### DATA FOR THIS EXERCISE
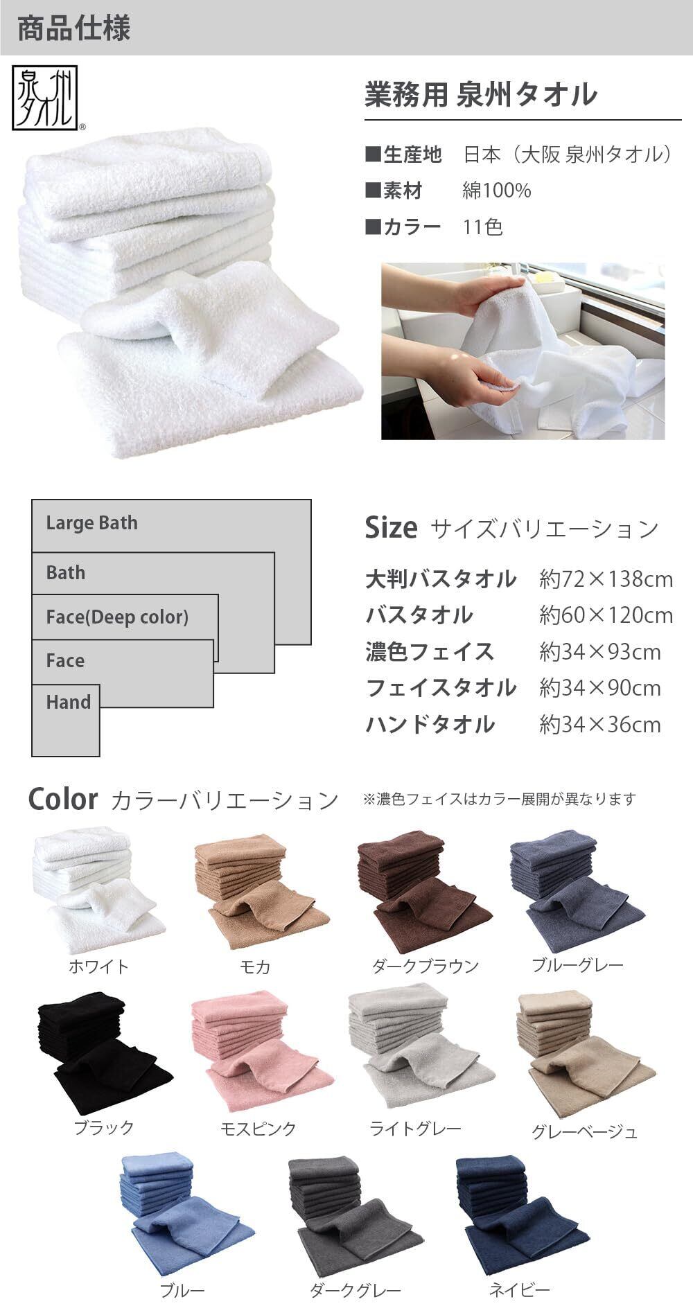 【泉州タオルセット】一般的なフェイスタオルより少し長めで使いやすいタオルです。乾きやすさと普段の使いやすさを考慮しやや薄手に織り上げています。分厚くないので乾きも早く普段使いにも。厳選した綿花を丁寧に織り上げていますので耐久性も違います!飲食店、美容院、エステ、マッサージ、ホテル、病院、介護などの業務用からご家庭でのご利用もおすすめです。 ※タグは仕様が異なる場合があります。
==
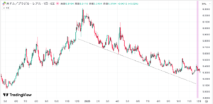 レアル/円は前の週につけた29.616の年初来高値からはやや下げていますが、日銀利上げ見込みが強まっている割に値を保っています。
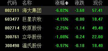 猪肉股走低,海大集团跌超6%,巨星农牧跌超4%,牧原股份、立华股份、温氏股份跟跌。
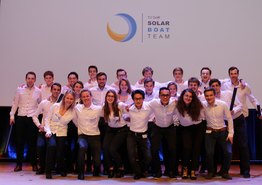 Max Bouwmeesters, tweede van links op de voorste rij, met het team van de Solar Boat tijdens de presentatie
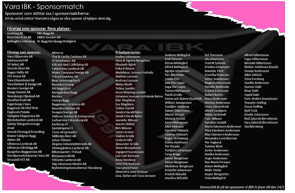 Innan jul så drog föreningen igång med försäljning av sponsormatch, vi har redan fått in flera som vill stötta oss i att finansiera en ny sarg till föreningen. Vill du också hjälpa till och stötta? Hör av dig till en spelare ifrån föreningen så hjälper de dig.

### YOUR GOAL
Everything above from the line containing "レアル/円は前の週につけた2" through the line containing "Innan jul så" must be repeated exactly, and the pictures must be left out.

### RESPONSE TO THIS TASK
 レアル/円は前の週につけた29.616の年初来高値からはやや下げていますが、日銀利上げ見込みが強まっている割に値を保っています。
 猪肉股走低,海大集团跌超6%,巨星农牧跌超4%,牧原股份、立华股份、温氏股份跟跌。
 Max Bouwmeesters, tweede van links op de voorste rij, met het team van de Solar Boat tijdens de presentatie
 Innan jul så drog föreningen igång med försäljning av sponsormatch, vi har redan fått in flera som vill stötta oss i att finansiera en ny sarg till föreningen. Vill du också hjälpa till och stötta? Hör av dig till en spelare ifrån föreningen så hjälper de dig.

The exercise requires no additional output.